- Born: Dorit Miriam Revelis December 9, 2001 (age 24) Ashdod, Israel
- Occupation: Model
- Years active: 2016–present
- Modeling information
- Height: 5 ft 9.5 in (1.77 m)
- Hair color: Blonde
- Eye color: Green
- Agency: R&R by Roberto and Rotem (Israel) Robert (Italy) DNA Model Management (US) VIVA Model Management (Paris)

= Dorit Revelis =

Israeli fashion model

Dorit Miriam Revelis (דורית מרים רבליס; born ) is an Israeli fashion model.

Known for her distinctive curly hair, she has led many international modelling campaigns, including the global advertising campaigns for Ralph Lauren Polo, Topshop, Calvin Klein, Sonia Rykiel, Urban Outfitters, Chanel, Claudie Pierlot and Massimo Dutti, She has appeared in magazines such as British Vogue, Vogue Italia and Vogue Ukraine, while walking for Lacoste, Miu Miu and Off-White.

== Early life ==
Revelis was born and raised in Ashdod to a Jewish family. Her father Vadim Vladimir Revelis immigrated to Israel from the Caucasus in Russia, and her mother Zoya Shafir from Ukraine. She majored in math and physics at highschool, and plays classical piano. Revelis is also an awarded athlete in rhythmic gymnastics and track and field.

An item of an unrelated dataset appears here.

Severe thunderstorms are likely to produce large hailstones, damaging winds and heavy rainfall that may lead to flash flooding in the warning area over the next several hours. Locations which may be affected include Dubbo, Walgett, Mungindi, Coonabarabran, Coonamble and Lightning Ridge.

She was enlisted to the Israel Defense Forces in 2020.

== Career ==

She first became a popular with photographers due to her curly hair, and her resemblance to fellow Israeli model Michaela Bercu. In 2016, she was signed in an exclusive contract to lead campaigns for Yves Saint Laurent, however, the contract was blocked by French law due to her being under 16 years old at the time. In 2017, Revelis was chosen to open Dior's Haute couture show for S/S 2017, after the Italian Renaissance theme of the show had been partly designed around her. However, this was cancelled as they believed she may look too young.

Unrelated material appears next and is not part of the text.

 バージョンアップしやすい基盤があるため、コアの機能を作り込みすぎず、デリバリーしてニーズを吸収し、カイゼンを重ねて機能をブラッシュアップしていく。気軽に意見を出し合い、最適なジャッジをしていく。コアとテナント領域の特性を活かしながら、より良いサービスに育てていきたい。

She broke out in 2017, taking part in many international modelling campaigns, including the global advertising campaigns for Ralph Lauren, where she worked alongside fellow Israeli model Sofia Mechetner. She also led campaigns for Topshop, Calvin Klein, Sonia Rykiel, Urban Outfitters, Chanel, Claudie Pierlot, Miu Miu, Massimo Dutti. She was covermodel for Russh, alongside fellow Israeli model Sofia Mechetner.

In 2018, she was signed by Zara to lead its 2018 campaigns. She was also chosen to lead the global campaign for H&M for 2018.

As of 2020, she leads the campaign of Israeli fashion brand Castro.

== Personal life ==
She began dating Israeli actor Daniel Peretz in 2022, and they reside together in Tel Aviv.